Task item: Set down, word for word, each line from the top of the data through the line that has "Zářijové výprodeje pokračují, v"; omit every picture.

Dataset content:
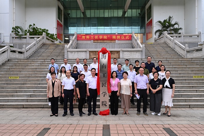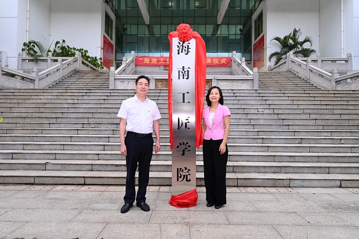 7月18日,海南工匠学院揭牌仪式在海南职业技术学院举行。海南省总工会副主席陈桦、省教科文卫邮电工会负责人孙陶峰、省教育工会专职副主席林洪珊、省总工会经济技术部部长王玉燕,海南职业技术学院党委委员、副校长、校工会主席符兴干和副校长李琳娜等出席揭牌仪式,陈桦和符兴干共同为“海南工匠学院”揭牌。
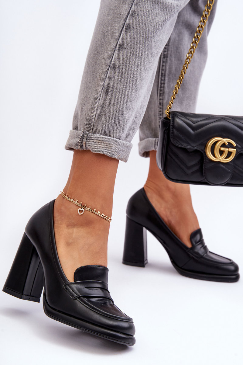 Czółenka Modne Słupek Czarne Florence KK56
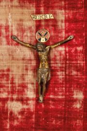 figura in bronzo dorato con aureola e cartiglio decorati in smalti policromi; Cristo cm 15x13,5
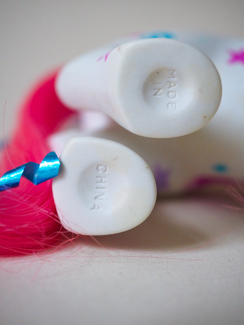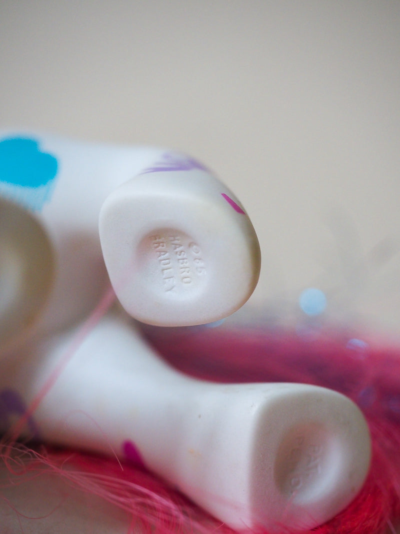 Ce petit poney Anniversaire fait partie des premiers Petits Poney édités par Hasbro. Un vrai jouet vintage collector. C'est un modèle rare avec les morceaux de bolducs qui constituent sa queue.
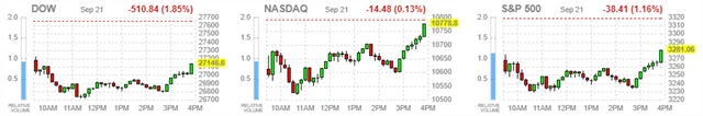 Zářijové výprodeje pokračují, v pondělí americké akciové indexy opět klesly. V závěru seance ale technologické tituly pomohly napravit část ztrát
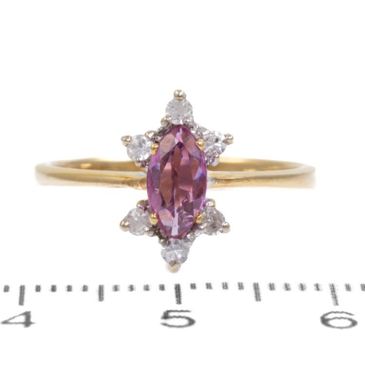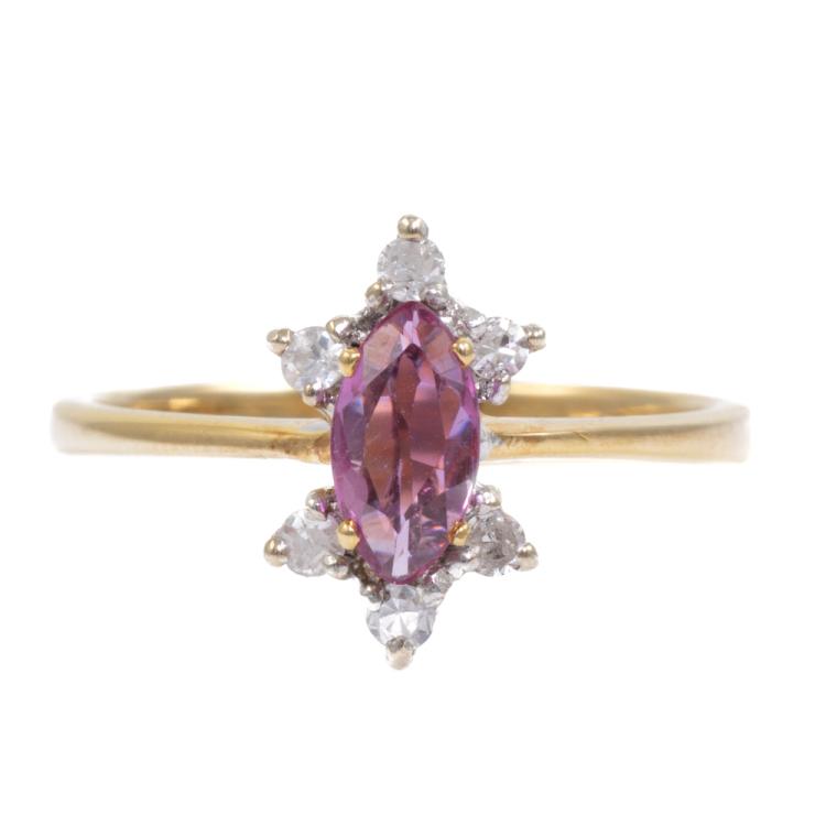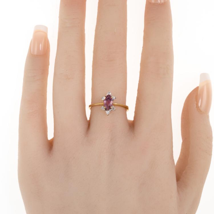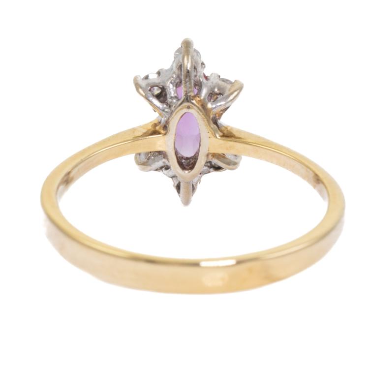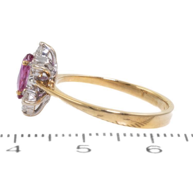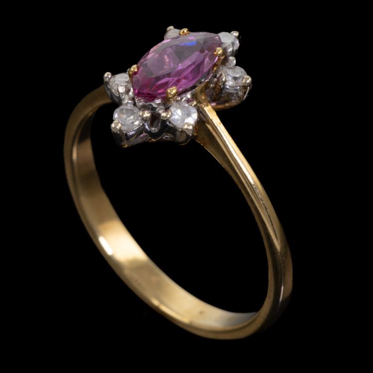 Ruby and Diamond ring with a marquise cut natural Ruby of 0.36ct and round natural Diamonds totalling 0.10ct. 18ct yellow & white gold. Ring size N. Band width: 2.4mm - 1.1mm. Weight: 2.7g. (As new)

Solved exercise:
 7月18日,海南工匠学院揭牌仪式在海南职业技术学院举行。海南省总工会副主席陈桦、省教科文卫邮电工会负责人孙陶峰、省教育工会专职副主席林洪珊、省总工会经济技术部部长王玉燕,海南职业技术学院党委委员、副校长、校工会主席符兴干和副校长李琳娜等出席揭牌仪式,陈桦和符兴干共同为“海南工匠学院”揭牌。
 Czółenka Modne Słupek Czarne Florence KK56
 figura in bronzo dorato con aureola e cartiglio decorati in smalti policromi; Cristo cm 15x13,5
 Ce petit poney Anniversaire fait partie des premiers Petits Poney édités par Hasbro. Un vrai jouet vintage collector. C'est un modèle rare avec les morceaux de bolducs qui constituent sa queue.
 Zářijové výprodeje pokračují, v pondělí americké akciové indexy opět klesly. V závěru seance ale technologické tituly pomohly napravit část ztrát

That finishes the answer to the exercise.